Data:

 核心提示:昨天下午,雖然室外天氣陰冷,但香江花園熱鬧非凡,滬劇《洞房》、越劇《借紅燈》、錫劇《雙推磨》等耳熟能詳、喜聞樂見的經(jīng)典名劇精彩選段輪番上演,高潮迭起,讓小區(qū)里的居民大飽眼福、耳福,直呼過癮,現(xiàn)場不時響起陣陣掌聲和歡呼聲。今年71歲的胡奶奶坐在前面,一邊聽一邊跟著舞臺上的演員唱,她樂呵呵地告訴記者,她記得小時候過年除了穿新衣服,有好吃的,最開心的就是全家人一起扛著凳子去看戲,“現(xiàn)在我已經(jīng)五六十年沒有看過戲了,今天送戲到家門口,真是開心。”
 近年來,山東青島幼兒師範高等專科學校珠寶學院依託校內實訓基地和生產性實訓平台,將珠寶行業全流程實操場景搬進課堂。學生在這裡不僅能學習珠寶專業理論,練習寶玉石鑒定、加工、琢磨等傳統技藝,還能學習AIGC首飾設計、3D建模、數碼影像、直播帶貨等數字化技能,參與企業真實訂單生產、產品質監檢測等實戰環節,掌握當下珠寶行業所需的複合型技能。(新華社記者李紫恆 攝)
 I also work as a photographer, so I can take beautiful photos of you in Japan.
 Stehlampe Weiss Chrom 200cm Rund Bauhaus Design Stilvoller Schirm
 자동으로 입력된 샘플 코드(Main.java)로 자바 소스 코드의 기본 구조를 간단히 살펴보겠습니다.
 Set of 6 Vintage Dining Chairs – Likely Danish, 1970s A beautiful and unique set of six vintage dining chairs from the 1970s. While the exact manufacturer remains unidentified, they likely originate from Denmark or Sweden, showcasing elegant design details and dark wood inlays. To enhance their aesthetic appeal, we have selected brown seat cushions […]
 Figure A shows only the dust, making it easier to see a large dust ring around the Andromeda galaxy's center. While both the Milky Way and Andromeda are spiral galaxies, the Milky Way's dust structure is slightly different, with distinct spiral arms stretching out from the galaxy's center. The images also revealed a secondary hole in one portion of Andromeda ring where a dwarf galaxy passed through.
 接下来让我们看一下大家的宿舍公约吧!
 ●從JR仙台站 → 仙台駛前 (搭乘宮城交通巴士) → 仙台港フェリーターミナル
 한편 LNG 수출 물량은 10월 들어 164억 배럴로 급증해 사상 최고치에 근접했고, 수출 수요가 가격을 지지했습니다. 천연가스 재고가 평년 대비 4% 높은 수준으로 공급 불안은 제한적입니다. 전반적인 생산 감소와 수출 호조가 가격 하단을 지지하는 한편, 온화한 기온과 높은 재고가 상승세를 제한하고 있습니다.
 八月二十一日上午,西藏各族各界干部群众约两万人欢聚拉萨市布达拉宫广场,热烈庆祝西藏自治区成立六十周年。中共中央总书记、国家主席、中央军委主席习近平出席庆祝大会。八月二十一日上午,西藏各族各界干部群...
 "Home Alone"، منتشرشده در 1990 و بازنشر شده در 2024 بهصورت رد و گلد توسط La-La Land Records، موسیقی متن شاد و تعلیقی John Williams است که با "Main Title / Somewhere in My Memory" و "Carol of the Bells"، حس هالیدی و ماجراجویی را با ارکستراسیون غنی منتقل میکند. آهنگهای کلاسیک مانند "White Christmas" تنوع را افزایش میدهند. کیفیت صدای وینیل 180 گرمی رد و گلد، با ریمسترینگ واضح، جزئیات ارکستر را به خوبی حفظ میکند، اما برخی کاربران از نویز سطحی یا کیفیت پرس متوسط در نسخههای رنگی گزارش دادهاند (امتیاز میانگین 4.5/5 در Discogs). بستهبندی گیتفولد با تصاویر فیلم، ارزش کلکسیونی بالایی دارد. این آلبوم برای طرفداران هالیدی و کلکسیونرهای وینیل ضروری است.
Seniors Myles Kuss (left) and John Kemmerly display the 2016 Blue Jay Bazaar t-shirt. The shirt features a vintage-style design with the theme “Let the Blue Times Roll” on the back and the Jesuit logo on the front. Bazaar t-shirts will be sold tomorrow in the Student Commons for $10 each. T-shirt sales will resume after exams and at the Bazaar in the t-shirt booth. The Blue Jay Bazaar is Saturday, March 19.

What you should do: Starting at the line that holds "한편 LNG 수출 물량은", set down each line exactly through the last line of the records above, and no others.

Reply to the exercise:
 한편 LNG 수출 물량은 10월 들어 164억 배럴로 급증해 사상 최고치에 근접했고, 수출 수요가 가격을 지지했습니다. 천연가스 재고가 평년 대비 4% 높은 수준으로 공급 불안은 제한적입니다. 전반적인 생산 감소와 수출 호조가 가격 하단을 지지하는 한편, 온화한 기온과 높은 재고가 상승세를 제한하고 있습니다.
 八月二十一日上午,西藏各族各界干部群众约两万人欢聚拉萨市布达拉宫广场,热烈庆祝西藏自治区成立六十周年。中共中央总书记、国家主席、中央军委主席习近平出席庆祝大会。八月二十一日上午,西藏各族各界干部群...
 "Home Alone"، منتشرشده در 1990 و بازنشر شده در 2024 بهصورت رد و گلد توسط La-La Land Records، موسیقی متن شاد و تعلیقی John Williams است که با "Main Title / Somewhere in My Memory" و "Carol of the Bells"، حس هالیدی و ماجراجویی را با ارکستراسیون غنی منتقل میکند. آهنگهای کلاسیک مانند "White Christmas" تنوع را افزایش میدهند. کیفیت صدای وینیل 180 گرمی رد و گلد، با ریمسترینگ واضح، جزئیات ارکستر را به خوبی حفظ میکند، اما برخی کاربران از نویز سطحی یا کیفیت پرس متوسط در نسخههای رنگی گزارش دادهاند (امتیاز میانگین 4.5/5 در Discogs). بستهبندی گیتفولد با تصاویر فیلم، ارزش کلکسیونی بالایی دارد. این آلبوم برای طرفداران هالیدی و کلکسیونرهای وینیل ضروری است.
Seniors Myles Kuss (left) and John Kemmerly display the 2016 Blue Jay Bazaar t-shirt. The shirt features a vintage-style design with the theme “Let the Blue Times Roll” on the back and the Jesuit logo on the front. Bazaar t-shirts will be sold tomorrow in the Student Commons for $10 each. T-shirt sales will resume after exams and at the Bazaar in the t-shirt booth. The Blue Jay Bazaar is Saturday, March 19.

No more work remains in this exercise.